Anchoring these pillars is your Pricing Philosophy. Chris proposes Market Fairness as a powerful philosophy. This means treating all customers uniformly and fairly. Discounts, if given, should be earned through the size of the commitment, not just negotiation pressure. Being willing to show potential customers contracts from similar deals can build trust and demonstrate fairness.
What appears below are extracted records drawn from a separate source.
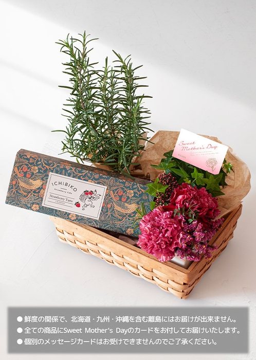 「甘く優しいひと時 / Sweet Mother's Day」をコンセプトにした母の日限定のコラボ商品もご用意。いちご、いちごのタルト、焼き菓子など、お母さんと過ごす心が満たされるシーンに合わせて開発したフラワーギフトは、下北沢のフローリストが手がける心のこもったデザインです。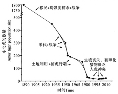 先来看一组数据。1890年,我国野生东北虎的种群数量为1200—2400只,1930年约为450只,40年间减少了75%。到20世纪80年代,我国野生东北虎已基本处于灭绝边缘,仅14只左右,与1930年相比,减少了96%。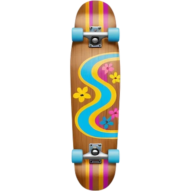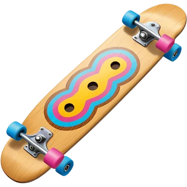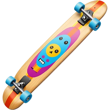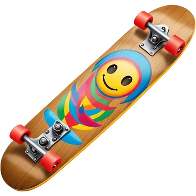 "An icon featuring a colorful skateboard resting on a smooth pavement. The background shows a sunny park with trees, a clear sky, and a lively atmosphere. The skateboard's deck is decorated with vibrant designs, emphasizing its dynamic style. Transparent background emoji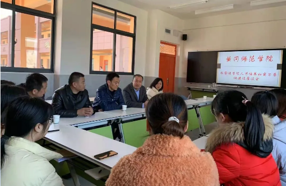 11月23日,williamhill英国党委书记余健明教授一行赴罗田看望实习生,并开展人才培养和实习基地建设调研。罗田县思源学校黄登峰校长、王立军主任、英语教研组组长倪飞、英语组全体实习指导教师、我院实习生参加了本次座谈会。座谈会由余健明书记主持。

Key Lessons for Better Pricing

Chris shared several crucial lessons:

  • Pricing is a Process, Not an Event: Don’t treat pricing as a one-off study you do every few years. Discuss it regularly, especially as your product evolves and new value is added. Make it part of your product development lifecycle.
  • Never Misrepresent: Avoid deceptive practices like “mystery shopping” competitors by pretending to be a buyer. This has ethical and legal risks and sets a bad internal precedent. It also violates federal and state laws and can lead to hefty fines and even prison sentences.
  • Compute a Scheduled Net Price: For every possible configuration of your product, know the target net price you want to achieve. Salespeople shouldn’t have to go back to a “back room” to figure out pricing for unique deals.
  • Hold Everyone Accountable: Reward your sales team based on how close their landed deals are to the company’s scheduled net price.
  • Always Be Raising Net Prices: While list prices might be set annually, look to adjust and increase your target net prices quarterly based on market learning.
  • Rethink “Free” or “Beta”: Instead of free betas with uncertain conversion, use paid “Early Access Programs” where customers pay a premium for early access and influence on the roadmap. Using term limits can also help when you’re unsure about pricing.
  • Be Strategic with Editions: When selling early, enumerate specific capabilities in the contract rather than selling a full “Enterprise Edition” at a low price. This allows you to monetize additional capabilities later by going back to customers.
  • Consider Website Pricing Transparency: While you don’t need to reveal everything, providing some information, like a product minimum or a starting price, can help potential buyers gauge if your solution is within their ballpark. Showing nothing can make it hard for customers to decide if you’re even a viable option.

Mastering the science of software pricing is not just about setting numbers; it’s about understanding customer value, building trust, and creating a predictable, repeatable process that drives revenue and controls your company’s destiny.


This article draws on excerpts from Chris Mele‘s talk, “Investors, Pricing Science, and Optionality”, at Business of Software Conference.